Type of Document Dissertation
Author Appling, Leonard Troy
URN etd-09172010-142913
Title Political Priests: The Role of Religious Figures in Modern American Drama
Degree Doctor of Philosophy
Department English, Department of
Advisory Committee
Advisor Name Title
S. E. Gontarski Committee Chair
John Fenstermaker Committee Member
Karen Laughlin Committee Member
Neil Jumonville University Representative
Keywords
  • American Exceptionalism
  • Victor Turner
  • Communitas
  • Religious Figures
  • Civil Religion
Date of Defense 2010-08-05
Availability unrestricted
Abstract
Understanding religious imagery and its uses on stage is essential to interpreting drama, beginning as it did in the sacred rituals of ancient Greece. In post-World-War-II America, playwrights divested religious elements of their sacredness, using them as signifiers of secular humanism instead, in order to construct or critique ideological tenets central to the American consciousness. This study examines the relation on the modern stage between religion (both formal and civil) and the concept of “America” in the works of James Baldwin, Bill C. Davis, Christopher Durang, Diane Shaffer, and John Patrick Shanley, who each used religion to create conformity with (or critique of) the sense of American exceptionalism that dominated the post-WWII period. This study focuses on the characteristics of the clergy depicted by these playwrights: pragmatism, marginalization, prescription, and paranoia. While narrow in scope, the thematic concerns these characters represent echo other religious elements such as those of Arthur Miller’s Crucible or Edward Albee’s Tiny Alice.

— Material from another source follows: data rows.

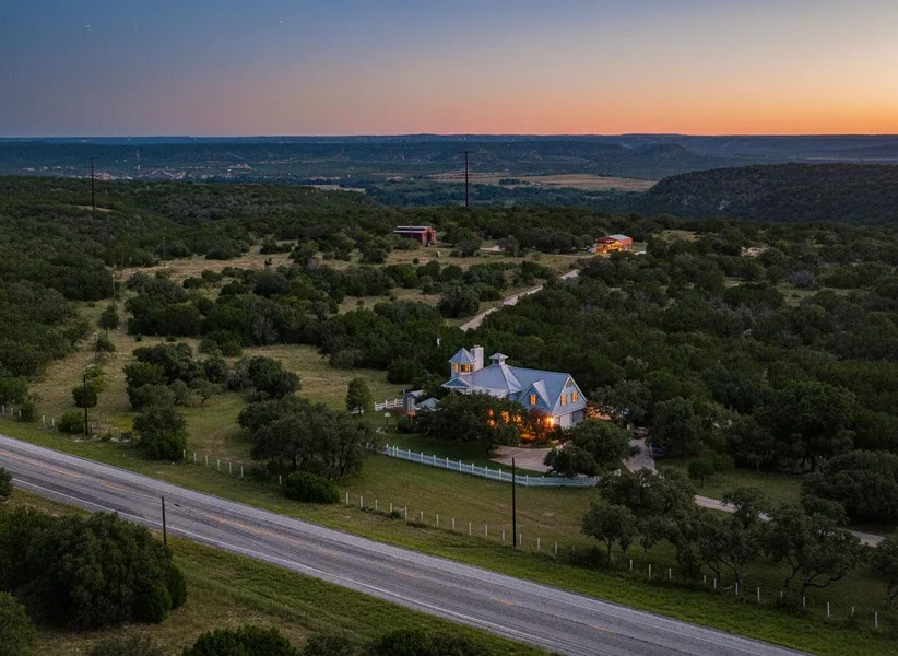 The ranch is located off Loop 481 in Junction, Texas, within Junction ISD. It sits less than five miles from shopping, restaurants, and I-10 access. South Llano River State Park and both branches of the Llano River are nearby, adding fishing, boating, and camping opportunities. The property is 50 miles from Fredericksburg, 100 miles from San Antonio International Airport, and also benefits from a local private airport.
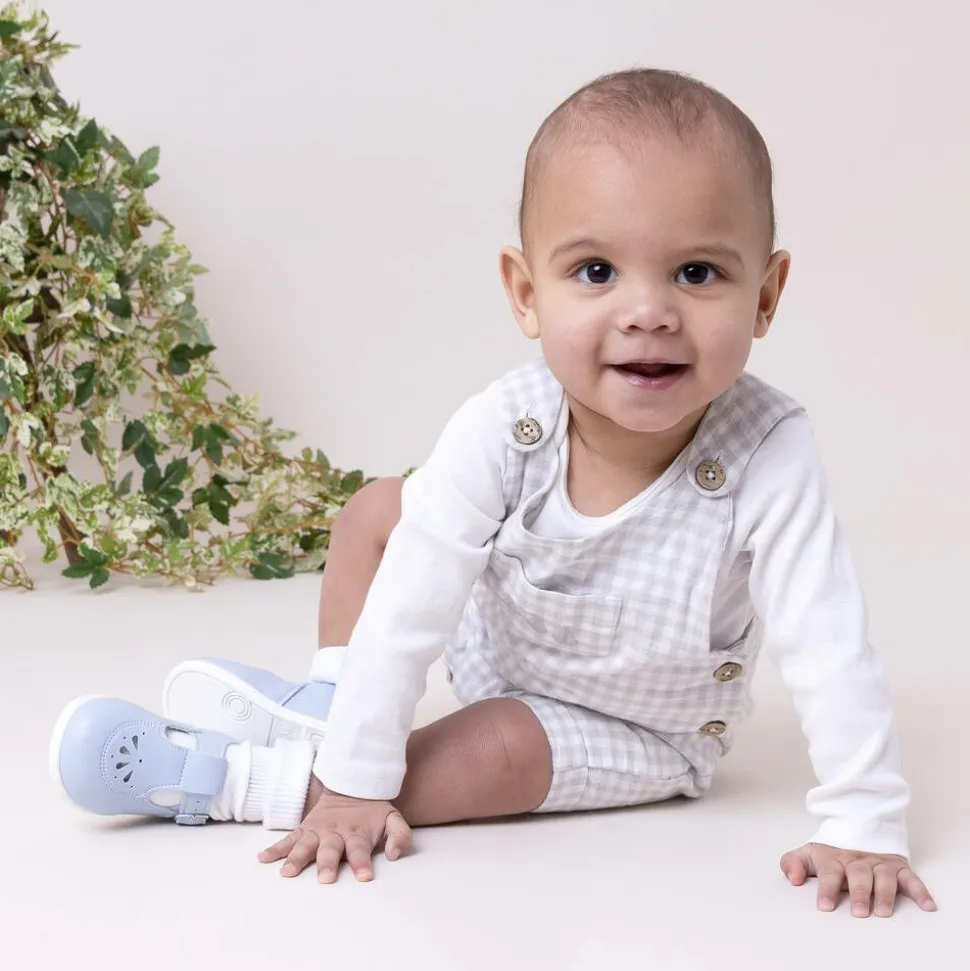 Pale blue first walker T-bar shoes for little boys and girls, by Early Days. Made in soft, faux leather, they have an adjustable silver buckle and a charming punched hole pattern on the toes. They are lined in white fabric, lightly cushioned and the non-slip outer soles are made of soft, flexible white rubber.
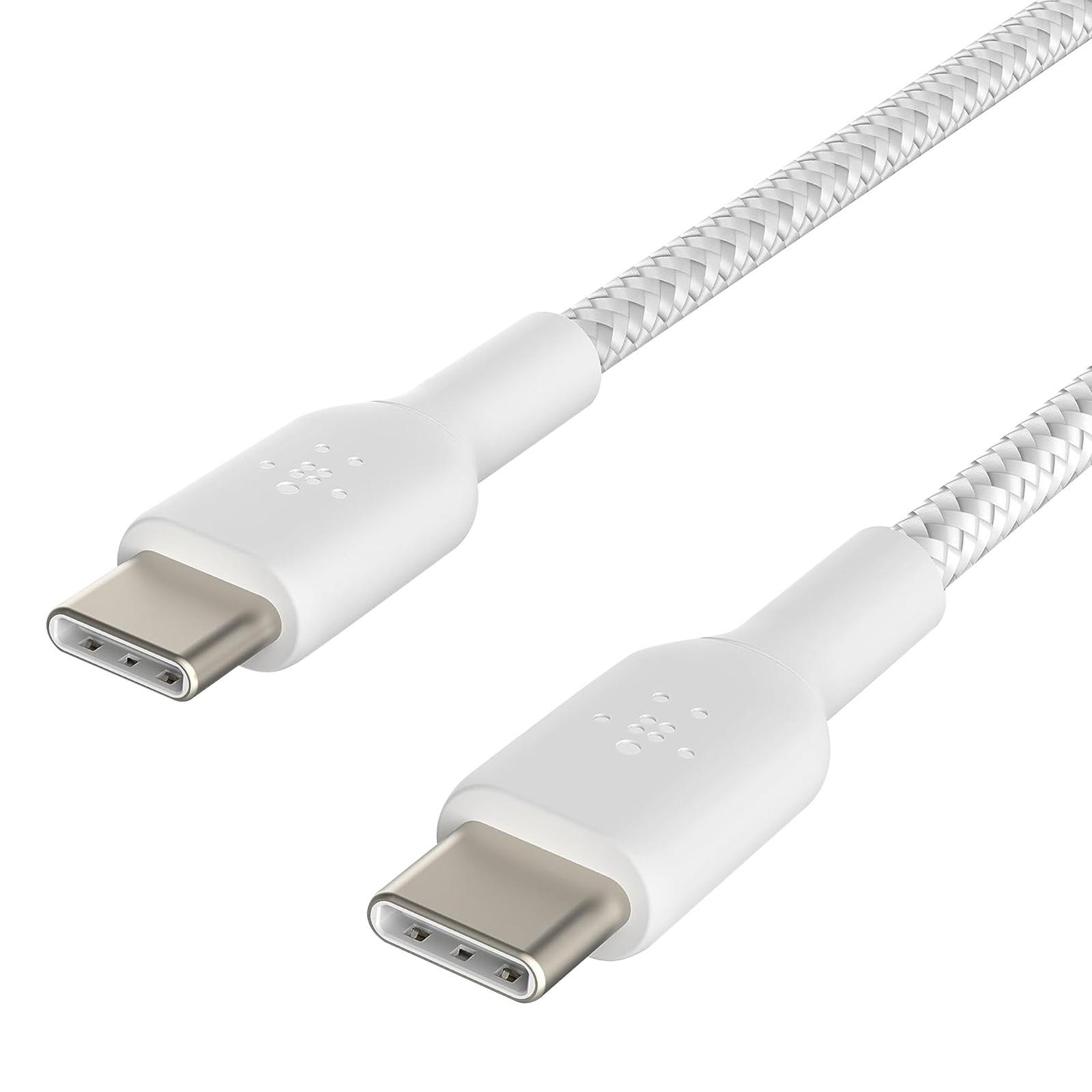 Pack de 2 câbles blanc, série BoostCharge de la fameuse marque Belkin pour alimenter vos smartphones, tablettes, iPad, etc. Connecteur USB C Power Delivery 60W assurant une recharge ultra-rapide à 50% en 30min, de vos appareils compatibles avec la technologie Puissance optimale pouvant alimenter votre ordinateur portable ou MacBook Branchement facile sur tout type de chargeur USB-C : secteur, un powerbank, un chargeur voiture ou Hub (non inclus)

Each of the playwrights in this study attempt to re-code the religious signs—in this case, their characters—to effect an understanding in the audience that these people represent a larger social commentary. Building on theatre anthropology and semiotics, especially the work of Victor Turner, Peter Brook, and Keir Elam, as well as theorists of American civil religion such as Robert Bellah, this study will demonstrate the ways religion has been used on stage to define American ideology, as well as establish the link between dramatic clergy and the larger societal figures they represent.